その言葉に、クラス中が「おぉ!」「めっちゃ見てみたーい!」と、期待の声が上がる。
血の気が引くような恐怖心がボクを襲った。当日だけだと思っていたのに、まさかこんなに早く機会が来てしまうとは。
ただ、影人さんが一緒に着てくれるならまだ何とか……
「ちょっと黒崎君、どこ行くの?」
「帰る」
「待てっつーの!」
……なんて思ったボクが馬鹿だったのか、影人さんは逃げる気満々だった。
期待に目を思いきり輝かせるクラスメイトに背を向け、スタスタと扉へ向かって歩いていこうとする影人さん。その肩を掴んで止めたのは黒葛原さんだった。
中学時代のクラスメイト且つ何だかんだあった間柄ゆえか、黒葛原さんは影人さんには色んな意味で違う顔を見せている。多分、良くも悪くも。
……影人さん自体は、ちょっと不愉快そうに眉を顰めているけれど。
ただ、この状況はちょっと使えるかもしれない。
「ほら、影人さんめっちゃ嫌がってますし……ちょっと厳しいかもしれませんけど、合わせは当日のお楽しみってことでどうですか? ね?」
ボクだって逃げたくなる気持ちは分かる。文化祭当日だけならまだしも、こんなにも早くみんなの前で恥をさらすような真似はしたくない。

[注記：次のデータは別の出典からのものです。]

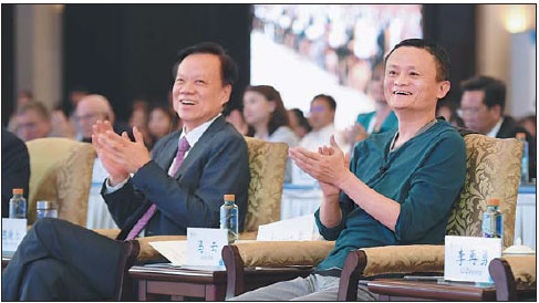 | Chen Min'er (left), Guizhou's provincial Communist Party of China chief, applauds with Alibaba's Jack Ma at the opening ceremony of the 2017 China International Big Data Expo on Friday in Guiyang.Deng Gang / For China Daily |

これに乗じて、ボクも逃げられたりしないだろうか……ほんの僅かな期待を込めて、黒葛原さんの返答を待つ。
「うーん、そうだね。こいつに無理強いして当日バックれられても面倒だし……」
顎に人差し指を当て、考え込む仕草をする黒葛原さん。良かった、事前の合わせはこれで防げるだろうか。
一日耐えれば終わりそうなところを、二度も体験はしたくない。神様、どうかこのまま何事もなく一日を終わらせてください。
心の中で、必死に祈るボク。しかし、それを見透かしてか黒葛原さんはニッコリと微笑み――
「よし! なら不破君だけちょっとやってみよっか! 」
―― 見事に、ボクの期待は打ち砕かれたのだった。